HOW TO COMPLETE THIS TASK> Restate the full listing word for word and leave the pictures out.

====== RAW DATA

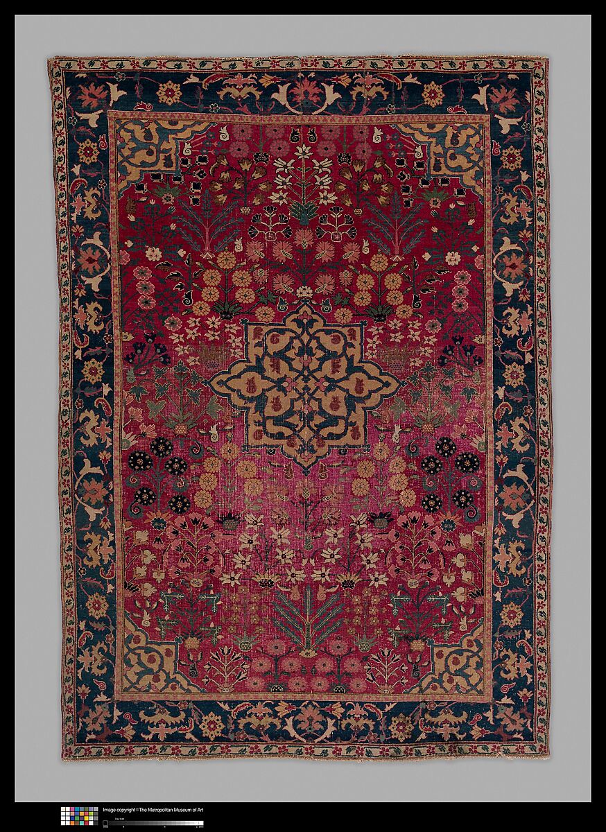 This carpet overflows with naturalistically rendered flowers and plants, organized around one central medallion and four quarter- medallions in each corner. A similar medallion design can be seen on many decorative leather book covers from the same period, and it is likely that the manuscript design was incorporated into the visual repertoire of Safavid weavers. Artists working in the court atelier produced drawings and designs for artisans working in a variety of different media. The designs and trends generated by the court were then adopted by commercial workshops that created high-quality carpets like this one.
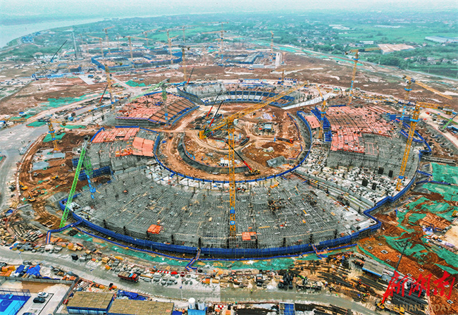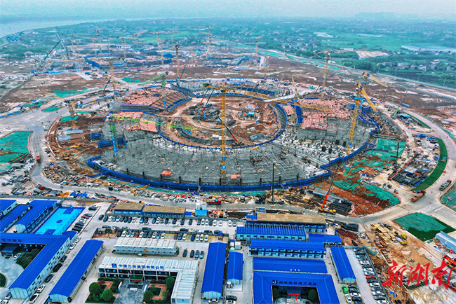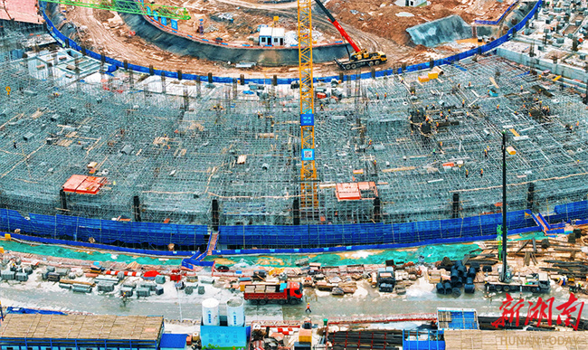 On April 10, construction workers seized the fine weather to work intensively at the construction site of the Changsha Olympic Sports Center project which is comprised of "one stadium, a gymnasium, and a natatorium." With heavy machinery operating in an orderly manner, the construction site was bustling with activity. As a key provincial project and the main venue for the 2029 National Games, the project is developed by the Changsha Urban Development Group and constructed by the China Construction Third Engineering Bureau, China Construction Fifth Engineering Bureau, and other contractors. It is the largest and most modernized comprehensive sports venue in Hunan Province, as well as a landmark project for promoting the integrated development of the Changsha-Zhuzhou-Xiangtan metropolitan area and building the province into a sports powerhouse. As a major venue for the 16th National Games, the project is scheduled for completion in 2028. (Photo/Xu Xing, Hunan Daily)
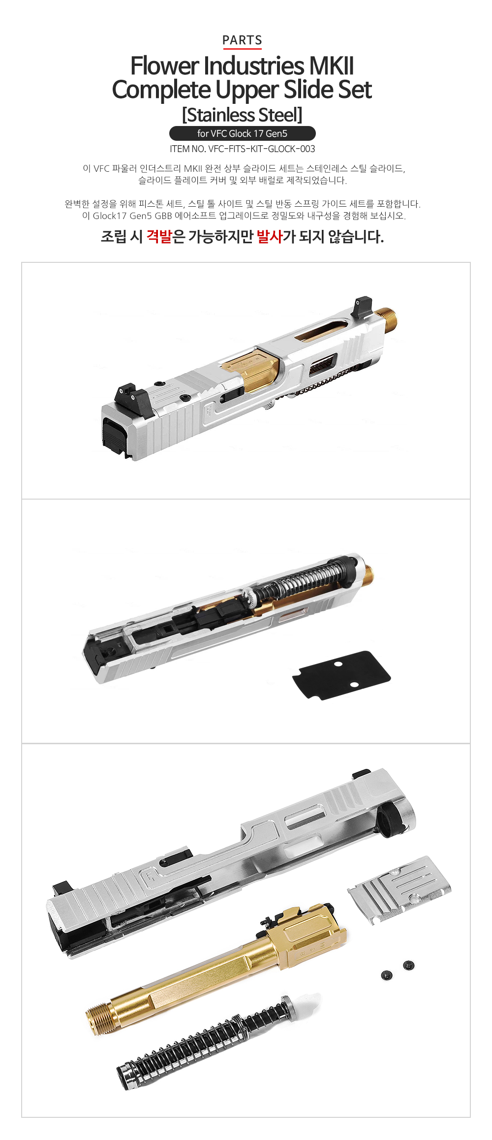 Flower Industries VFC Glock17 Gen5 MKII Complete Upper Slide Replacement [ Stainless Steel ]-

============

YOUR SOLUTION>
 This carpet overflows with naturalistically rendered flowers and plants, organized around one central medallion and four quarter- medallions in each corner. A similar medallion design can be seen on many decorative leather book covers from the same period, and it is likely that the manuscript design was incorporated into the visual repertoire of Safavid weavers. Artists working in the court atelier produced drawings and designs for artisans working in a variety of different media. The designs and trends generated by the court were then adopted by commercial workshops that created high-quality carpets like this one.
 On April 10, construction workers seized the fine weather to work intensively at the construction site of the Changsha Olympic Sports Center project which is comprised of "one stadium, a gymnasium, and a natatorium." With heavy machinery operating in an orderly manner, the construction site was bustling with activity. As a key provincial project and the main venue for the 2029 National Games, the project is developed by the Changsha Urban Development Group and constructed by the China Construction Third Engineering Bureau, China Construction Fifth Engineering Bureau, and other contractors. It is the largest and most modernized comprehensive sports venue in Hunan Province, as well as a landmark project for promoting the integrated development of the Changsha-Zhuzhou-Xiangtan metropolitan area and building the province into a sports powerhouse. As a major venue for the 16th National Games, the project is scheduled for completion in 2028. (Photo/Xu Xing, Hunan Daily)
 Flower Industries VFC Glock17 Gen5 MKII Complete Upper Slide Replacement [ Stainless Steel ]-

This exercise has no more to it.